- What the exercise asks: In the records below, reproduce exactly the lines from the one containing "Investigations related to" through the one containing "GV: TÓM TẮT", both included, and omit the pictures.

* * * * * * *

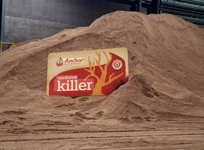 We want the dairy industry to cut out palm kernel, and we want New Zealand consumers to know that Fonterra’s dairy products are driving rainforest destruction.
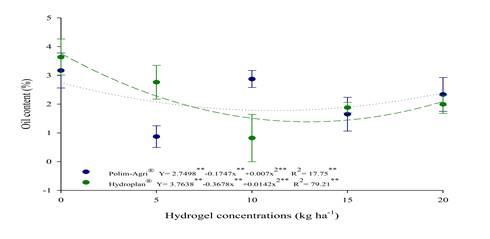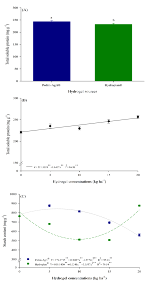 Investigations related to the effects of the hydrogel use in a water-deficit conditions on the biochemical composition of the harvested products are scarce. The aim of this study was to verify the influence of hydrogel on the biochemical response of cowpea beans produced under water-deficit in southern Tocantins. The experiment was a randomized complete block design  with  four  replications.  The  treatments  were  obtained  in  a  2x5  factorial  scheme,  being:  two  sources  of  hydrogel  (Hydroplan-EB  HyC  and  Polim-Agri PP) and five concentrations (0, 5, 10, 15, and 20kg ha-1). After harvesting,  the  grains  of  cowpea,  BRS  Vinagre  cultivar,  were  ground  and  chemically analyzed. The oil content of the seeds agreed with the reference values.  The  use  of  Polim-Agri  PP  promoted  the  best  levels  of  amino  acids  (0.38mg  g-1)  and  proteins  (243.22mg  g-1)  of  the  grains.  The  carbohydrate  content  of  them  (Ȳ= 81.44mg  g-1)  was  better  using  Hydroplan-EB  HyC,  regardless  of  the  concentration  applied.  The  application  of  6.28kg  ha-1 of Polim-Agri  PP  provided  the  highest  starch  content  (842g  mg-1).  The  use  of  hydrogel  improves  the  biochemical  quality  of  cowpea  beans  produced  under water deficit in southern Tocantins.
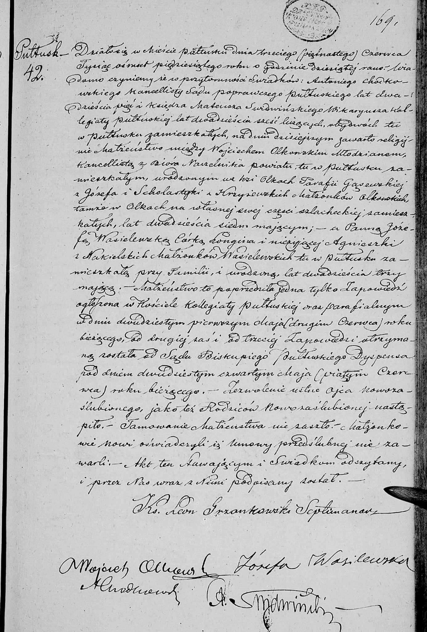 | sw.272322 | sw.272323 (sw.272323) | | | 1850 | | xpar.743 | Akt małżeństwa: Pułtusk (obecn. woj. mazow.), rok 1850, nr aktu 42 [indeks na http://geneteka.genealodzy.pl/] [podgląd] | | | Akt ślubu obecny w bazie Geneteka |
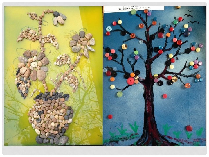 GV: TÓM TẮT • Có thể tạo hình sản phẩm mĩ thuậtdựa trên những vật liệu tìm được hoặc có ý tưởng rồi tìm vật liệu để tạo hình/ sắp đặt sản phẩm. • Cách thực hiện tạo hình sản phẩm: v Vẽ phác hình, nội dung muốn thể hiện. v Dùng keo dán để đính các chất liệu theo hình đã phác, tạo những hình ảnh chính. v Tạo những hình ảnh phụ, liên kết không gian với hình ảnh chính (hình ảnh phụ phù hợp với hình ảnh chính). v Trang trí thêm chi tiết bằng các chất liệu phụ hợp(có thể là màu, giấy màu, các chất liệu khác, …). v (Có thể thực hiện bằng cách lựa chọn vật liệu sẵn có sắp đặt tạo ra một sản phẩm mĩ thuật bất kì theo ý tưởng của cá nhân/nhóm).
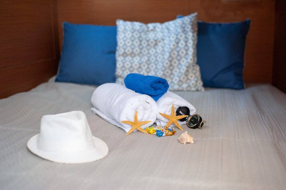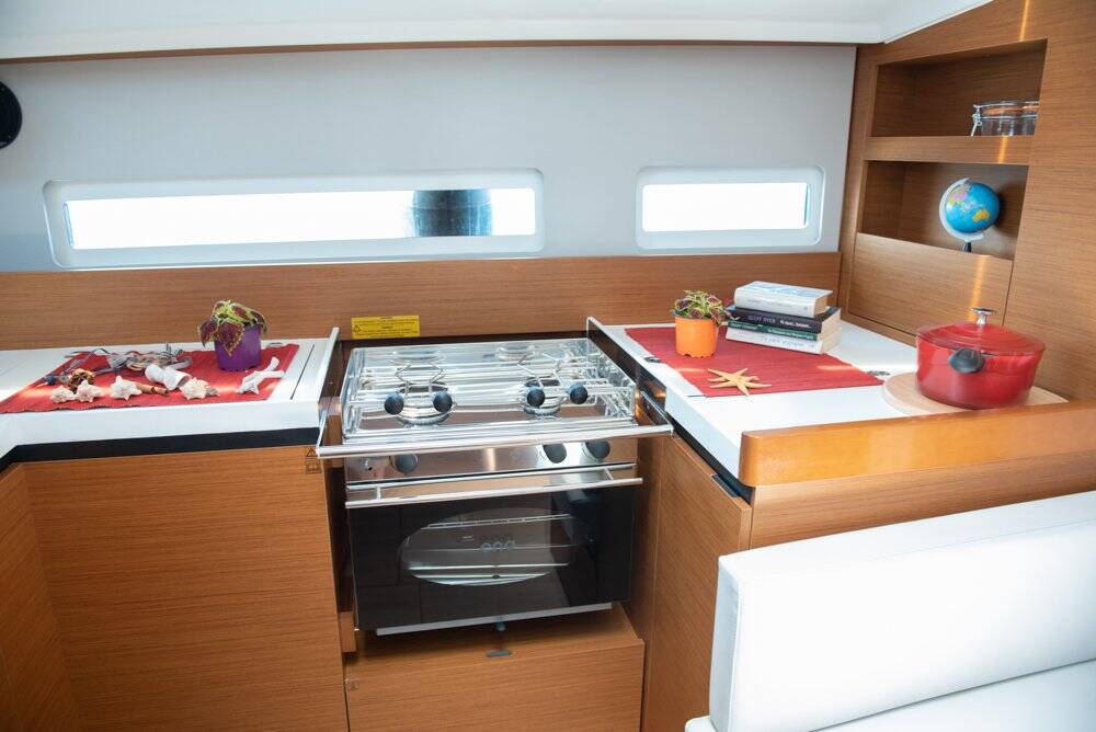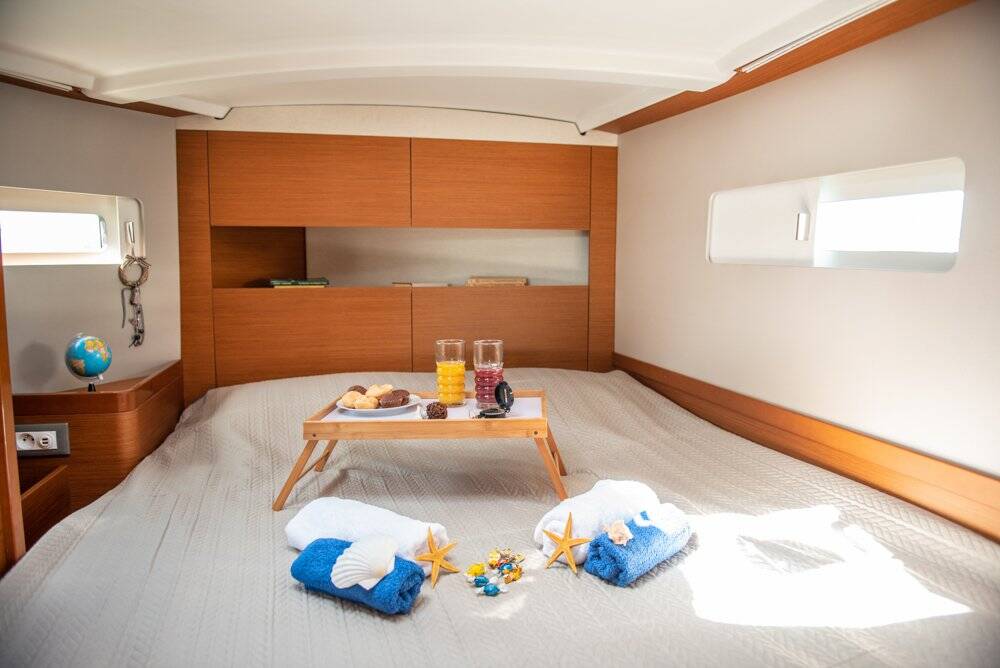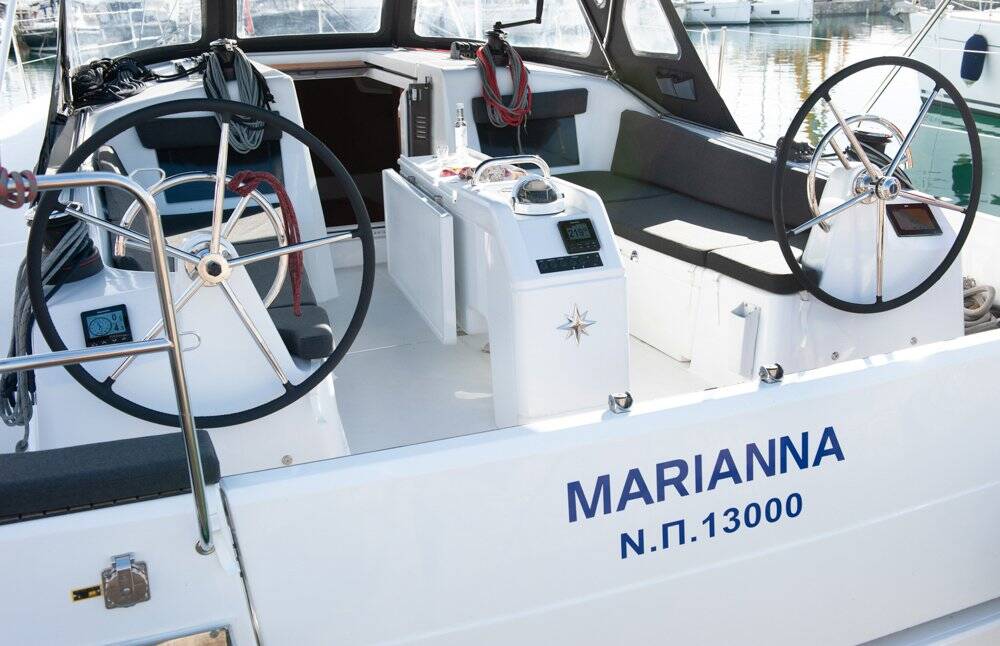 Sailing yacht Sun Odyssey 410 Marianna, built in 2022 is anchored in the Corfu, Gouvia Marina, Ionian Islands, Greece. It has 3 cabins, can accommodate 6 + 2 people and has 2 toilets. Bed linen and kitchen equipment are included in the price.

* * * * * * *

- Response area:
 Investigations related to the effects of the hydrogel use in a water-deficit conditions on the biochemical composition of the harvested products are scarce. The aim of this study was to verify the influence of hydrogel on the biochemical response of cowpea beans produced under water-deficit in southern Tocantins. The experiment was a randomized complete block design  with  four  replications.  The  treatments  were  obtained  in  a  2x5  factorial  scheme,  being:  two  sources  of  hydrogel  (Hydroplan-EB  HyC  and  Polim-Agri PP) and five concentrations (0, 5, 10, 15, and 20kg ha-1). After harvesting,  the  grains  of  cowpea,  BRS  Vinagre  cultivar,  were  ground  and  chemically analyzed. The oil content of the seeds agreed with the reference values.  The  use  of  Polim-Agri  PP  promoted  the  best  levels  of  amino  acids  (0.38mg  g-1)  and  proteins  (243.22mg  g-1)  of  the  grains.  The  carbohydrate  content  of  them  (Ȳ= 81.44mg  g-1)  was  better  using  Hydroplan-EB  HyC,  regardless  of  the  concentration  applied.  The  application  of  6.28kg  ha-1 of Polim-Agri  PP  provided  the  highest  starch  content  (842g  mg-1).  The  use  of  hydrogel  improves  the  biochemical  quality  of  cowpea  beans  produced  under water deficit in southern Tocantins.
 | sw.272322 | sw.272323 (sw.272323) | | | 1850 | | xpar.743 | Akt małżeństwa: Pułtusk (obecn. woj. mazow.), rok 1850, nr aktu 42 [indeks na http://geneteka.genealodzy.pl/] [podgląd] | | | Akt ślubu obecny w bazie Geneteka |
 GV: TÓM TẮT • Có thể tạo hình sản phẩm mĩ thuậtdựa trên những vật liệu tìm được hoặc có ý tưởng rồi tìm vật liệu để tạo hình/ sắp đặt sản phẩm. • Cách thực hiện tạo hình sản phẩm: v Vẽ phác hình, nội dung muốn thể hiện. v Dùng keo dán để đính các chất liệu theo hình đã phác, tạo những hình ảnh chính. v Tạo những hình ảnh phụ, liên kết không gian với hình ảnh chính (hình ảnh phụ phù hợp với hình ảnh chính). v Trang trí thêm chi tiết bằng các chất liệu phụ hợp(có thể là màu, giấy màu, các chất liệu khác, …). v (Có thể thực hiện bằng cách lựa chọn vật liệu sẵn có sắp đặt tạo ra một sản phẩm mĩ thuật bất kì theo ý tưởng của cá nhân/nhóm).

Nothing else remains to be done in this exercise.